Opinion: Germany ‘cannot’ chancellor | Reviews | DW
Earlier this week, I blinked, and something Olaf Scholz had spent weeks insisting was impossible suddenly became possible. Germany will start delivering anti-aircraft tanks to Ukraine.
Like so many other German policies on the war in Ukraine, including the initial decision at the end of February to send any weapons, the announcement came unexpectedly: a few hours before, prominent members of the Social Democratic Party of Scholz had given interviews saying sending heavy weapons was out of the question. Apparently they didn’t get the memo – or Scholz left them in the dark, as he allegedly did to some of his ministers when he proposed a major budget increase for the Bundeswehr (Germany’s armed forces ) in the days following the Russian invasion.
Before the war and since, Germany’s default position has been that we cannot: we cannot send weapons into a conflict zone, we cannot prevent Russia from accessing SWIFT (system international payment), we cannot embargo Russian energy, we cannot send heavy weapons – the list goes on.
It is true that many of these positions have been (partially) reversed, and while these reversals are going in the right direction, the fact that so many “can’ts” have turned into “can do” reveals a mismatch between the Chancellor’s rhetoric and Germany’s dragging actions.
Does Germany “really do everything” for Ukraine?
DW’s Cristina Burack
Scholz seems to act out of pressure rather than conviction. Over the past few weeks, he has argued that Germany is “doing everything” it can for Ukraine – but is that really the case? The spontaneous U-turns, where the impossible becomes possible overnight, suggest that “can’t” can really be “don’t want” in disguise.
It’s not a flattering look for Scholz, nor Germany’s image among its NATO partners, who have criticized it for its hesitation and blocking tougher sanctions. His behavior may also affect public support in Germany: a Russian energy embargo, backed by the European Parliament and seen by some political pundits as an effective way to cut off Russian war funding, was backed by 55% of Germans at the start. of the war, but more recent polls showed support had fallen to 28%. Scholz and Economy Minister Robert Habeck’s media blitz day after day touting why it can’t be done may have fueled this reluctance.
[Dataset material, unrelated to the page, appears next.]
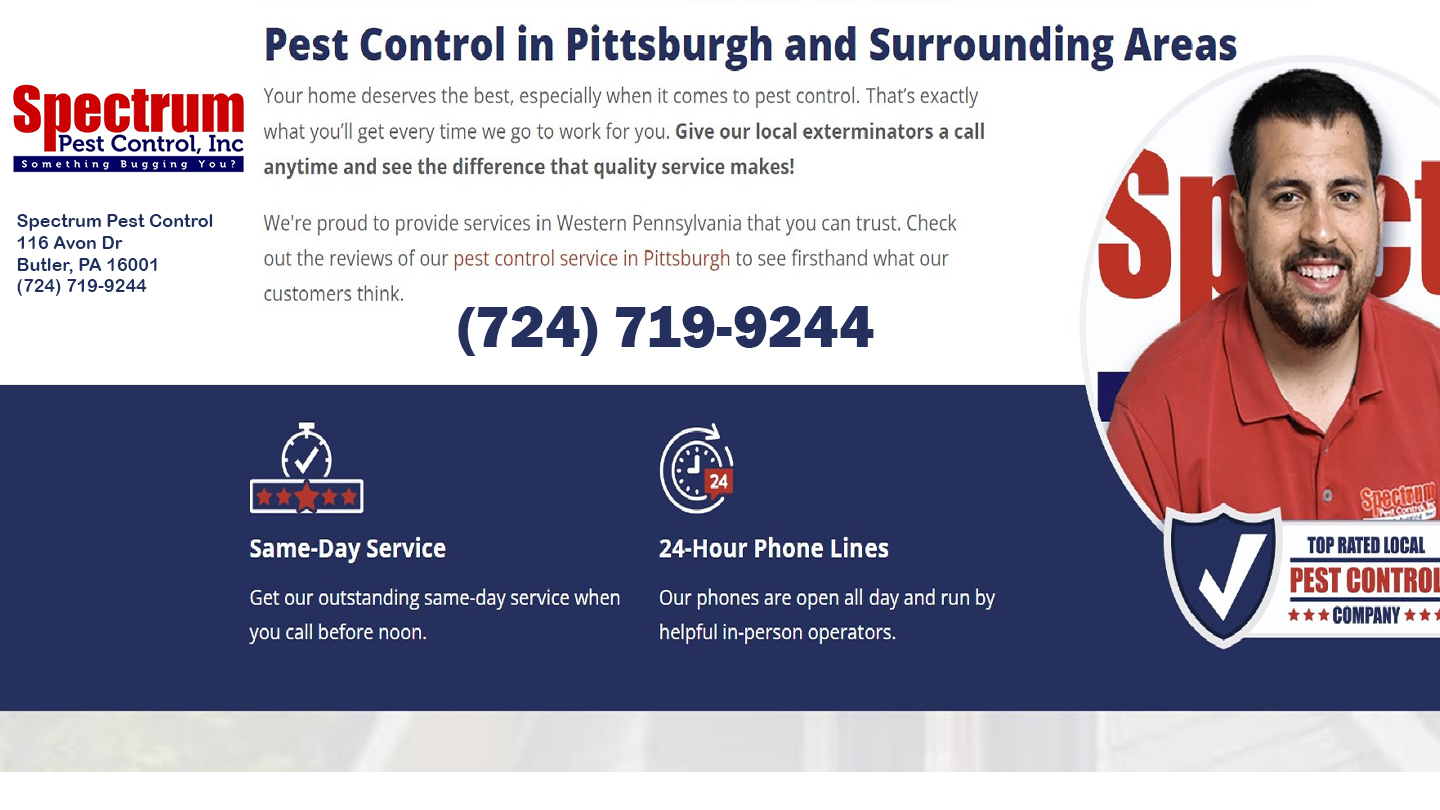 At Spectrum Pest Control, our foremost principle revolves around tailoring our services to match your unique lifestyle while safeguarding your individual property. We understand that pest control in Butler is a crucial aspect of maintaining a comfortable and hygienic living environment, and our dedicated team of experts is here to provide you with the utmost flexibility and protection. With years of experience in the industry, we have honed our methods to offer comprehensive pest management solutions that adapt seamlessly to your specific needs. Our professional technicians possess the knowledge and expertise to tackle a wide range of pest issues, ensuring that no matter the pest invaders you face, we have the perfect solution. At Spectrum Pest Control, we pride ourselves on employing innovative techniques and utilizing cutting-edge technology to effectively eliminate pests while minimizing disruptions to your daily routine. From discreet treatments to eco-friendly alternatives, we go above and beyond to provide sustainable pest control solutions that prioritize the well-being of your family and the environment. Business Email: contact@goodbyebug.com
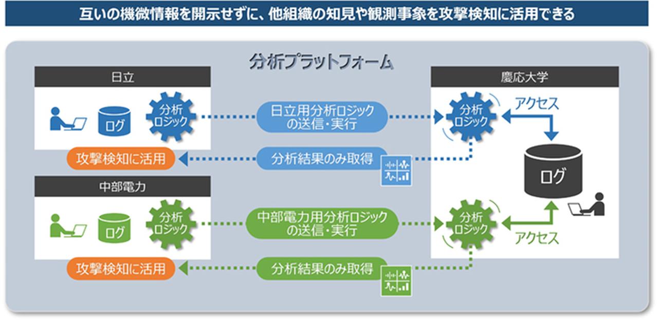 日立は、慶應義塾大学(以下、慶應大学)および中部電力株式会社(以下、中部電力)と共同で、サイバー攻撃の検知精度を高めるため、他組織が持つインターネットとの通信履歴や攻撃対処履歴など(以下、ログ)を機密性を担保しつつ共有する分析プラットフォーム、およびプラットフォーム上で悪性Webサイトを検知する分析ロジックを開発しました。本技術は、各組織のログの内容を互いに開示することなく共有し、情報漏洩の懸念なくそのままサイバー攻撃の分析に活用できることを特長とし、これまでに産学連携で開発してきた「分散型セキュリティオペレーション」の機能を拡張します。

There’s a lot more that can be done
Admittedly, experts disagree on the extent to which cold turkey on Russian energy would cripple Russian military power. Yet while Scholz and Habeck have repeatedly described a near-doomsday scenario such a move would entail, many economists say the fallout would be far less, with economic growth contracting by around 2.5-6% . During the pandemic, Germany proved adept at handling a 5% recession thanks to its short-time work program and other policies. In other words, the country could resist an embargo – if it wanted to.
Even if the government does not want to give up the Russian energy habit, there are still so many things it can do, and encourage its citizens to do, that can make a palpable difference.
The government should continue to support further direct and expanded transfers of heavy weapons. Germany could cut energy payments to Russia by instituting a 100 km/h (60 mph) motorway speed limit, which 70% of the population supports; introducing alternate driving days or even car-free Sundays, as during the 1973 oil crisis; make teleworking compulsory and encourage carpooling; establishing lucrative trade-in programs for smaller, greener vehicles; and the increase in greatly reduced public transport programs planned for the summer.
Electricity consumption could be reduced, a significant part of which comes from gas; landlords could be subsidized to upgrade insulation and energy-efficient heating units while regulating costs that can be passed on to tenants.
And, above all, Germany could push the EU to introduce tariffs on gas imports. Germany gets about half of its gas from Russia. A tariff would make cheap Russian gas far less attractive, reducing its funds while providing revenue that could be used to offset economic losses in the country. With Germany having paid Russia about 9.1 billion euros ($9.65 billion) for fossil fuels since the start of the war, it is hard to support a continued business as usual approach that fills the coffers Putin’s war at the cost of Ukrainian lives.
It’s time to rally the country
The list of potential actions is long, but at the moment the Germans seem unwilling to make any sacrifices. A poll released on Thursday showed that only one in two Germans was willing to give up things in daily life to help Ukraine. But public support can change.
The Chancellor must do everything in his power to bring about changes, communicate their necessity and rally the country behind him, because time is running out. It must launch an all-out national campaign for what can be done, rather than what cannot. Germany has the tools to do much, much more. The question is whether he has the leader.